Jumat, 26 September 2014

Persepsi Dalam Pembelajaran

Persepsi (dari bahasa Latin perceptio, percipio) adalah tindakan menyusun, mengenali, dan menafsirkan informasi sensoris guna memeberikan gambaran dan pemahaman tentang lingkungan.

Faktor yang mempengaruhi persepsi antara lain, harapan pengalaman masa lalu, dan keadaan psikologis yang mana menciptakan kumpulan perseptual. 
 Selain hal tersebut masih ada beberapa hal yang mempengaruhi persepsi, yaitu: 
1.Yang paling berpengaruh terhadap persepsi adalah perhatian, karena perhatian adalah proses mental ketika stimulus atau rangkaian stimulus menjadi menonjol dalam kesadaran, pada saat stimulus lainya melemah. Dalam stimulus mempunyai sifat-sifat yang menonjol, antara lain intensitas dan pengulangan. Diri orang yang membentuk persepsi itu sendiri. Apabila seseorang melihat sesuatu dan berusaha memberikan interpretasi tentang apa yang dilihatnya itu, ia dipengaruhi oleh karateristik individual yang turut berpengaruh seperti sikap kepentingan, minat, kebutuhan, pengalaman, harapan dan kepribadian. 
 2.Stimulus yang berupa obyek maupun peristiwa tertentu. Stimulus yang dimaksud mungkin berupa orang, benda atau peristiwa. Sifat-sifat sasaran itu biasanya berpengaruh terhadap persepsi orang yang melihatnya. 
 3.Faktor situasi dimana pembentukan persepsi itu terjadi baik tempat, waktu, suasana dan lain-lain..

# Persepsi terdiri dari :
1. Pengindraan
2.Atensi
3.Intepretasi

 Pembelajaran dan Pengetahuan


Pembelajaran adalah setiap perubahan perilaku yang relatif permanen, terjadi sebagai hasil dari pengalaman. Kita dapat menyimpulkan bahwa pembelajaran telah terjadi ketika seorang individu berperilaku, bereaksi, dan merespons sebagai hasil dari pengalaman sengan satu cara yang berbeda dari caranya berperilaku sebelumnya.

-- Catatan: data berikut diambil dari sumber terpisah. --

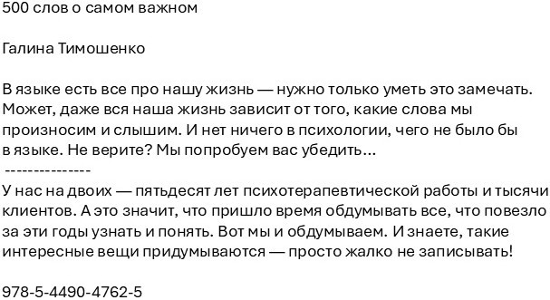 500 слов о самом важномТимошенко Галина Валентиновна, Леоненко Елена Анатольевна В данный момент этот товар отсутствует в продаже. Возможно, у нас найдется аналогичный или похожий товар здесь. В языке есть все про нашу жизнь — нужно только уметь это замечать. Может, даже вся наша жизнь зависит от того, какие слова мы произносим и слышим. И нет ничего в психологии, чего не было бы в языке. Не верите? Мы попробуем вас убедить... |

Pemahaman Individu dan Proses Beradaptasi terhadap Lingkungan.
Behaviorisme memandang bahwa pola-pola perilaku dapat dibentuk melalui proses pembiasaan dan penguatan dengan mengondisikan atau menciptakan stimulus tertentu dalamlingkungan. Lingkungan dapat dibagai kedalam dua jenis yaitu :
1)        lingkungan objektif (segala sesuatu yang ada disekitar individu dan secara potensial dapat melahirkan stimulus).
2)        lingkungan Effektif (sesuatu yang actual menstimulus individu sehingga     menimbulkan kesadaran tertentu pada dirinya untuk merespon).

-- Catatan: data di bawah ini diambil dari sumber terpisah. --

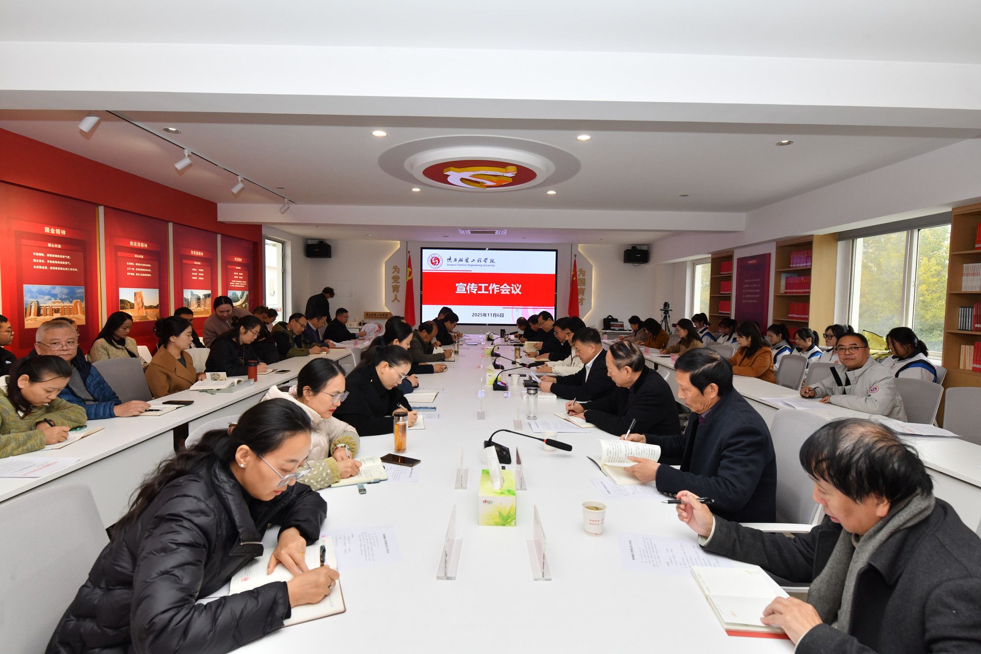 陕服新闻网讯(李文斌)11月6日上午,学校在行政楼326会议室召开宣传工作会议,贯彻落实党的二十大和二十届三中、二十届四中全会精神,深入学习贯彻习近平文化思想,全面总结回顾学校2023年以来的宣传工作,表彰宣传工作先进集体和个人,交流经验,分析形势,进一步统一思想,明确目标,推动我校宣传工作再上新台阶。董事长吕明、党委书记王岗出席会议并讲话。党委副书记刘继兵作学校宣传工作报告。校级领导、党委委员、纪委委员出席会议。副董事长、党委副书记、副校长吕超主持会议。

Holistik atau Humanisme memandanng bahwa aspek-aspek intrinsik (niat, motif, tekad) dari dalam diri individu merupakan faktor penentu untuk melahirkan suatu perilaku, meskipun tanpa stimulus yang datang dari lingkungan. Humanisme menjelaskan mekanisme perilaku individu dalam konteks apa (what), bagaimana (how) dan mengapa (why).
1)      What
Apa menunjukkan tujuan yang hendak dicapai dengan perilaku tersebut.
2)      How
Bagaimana menunjukkan jenis dan bentuk cara mencapai tujuan, yakni perilaku itu sendiri.
3)      why
Mengapa menunjukkan motivasi yang menggerakkan terjadinya dan berlangsungnya perilaku, baik bersumber dari diri individu (intrinsik) maupun yang bersumber dari luar individu (ekstrinsik).
6. Pembentukan perilaku
adalah secara sistematis menegaskan setiap urutan langkah yang menggerakkan seorang individu lebih dekat kepada response yang diharapkan.

Empat cara pembentukan perilaku adalah melalui penegasan positif, penegasan negatif, hukuman dan peniadaan.
1)      Penegasan positif
merupakan respons dengan sesuatu yang menyenangkan, misalnya atasan yang memuji bawahan yang telah mengerjakan pekerjaan dengan baik tepat pada waktunya.
2)      Penegasan negatif
adalah menindaklanjuti respos dengan penghentian atau penarikan sesuatu yang tidak menyenangkan
3)      Hukuman
menyebabkan sebuah kondisi tidak menyenangkan dalam upaya menghilangkan perilaku yang tidak diharapkan.
4)      Peniadaan
adalah menghapuskan semua penegasan yang mempertahankan sebuah perilaku.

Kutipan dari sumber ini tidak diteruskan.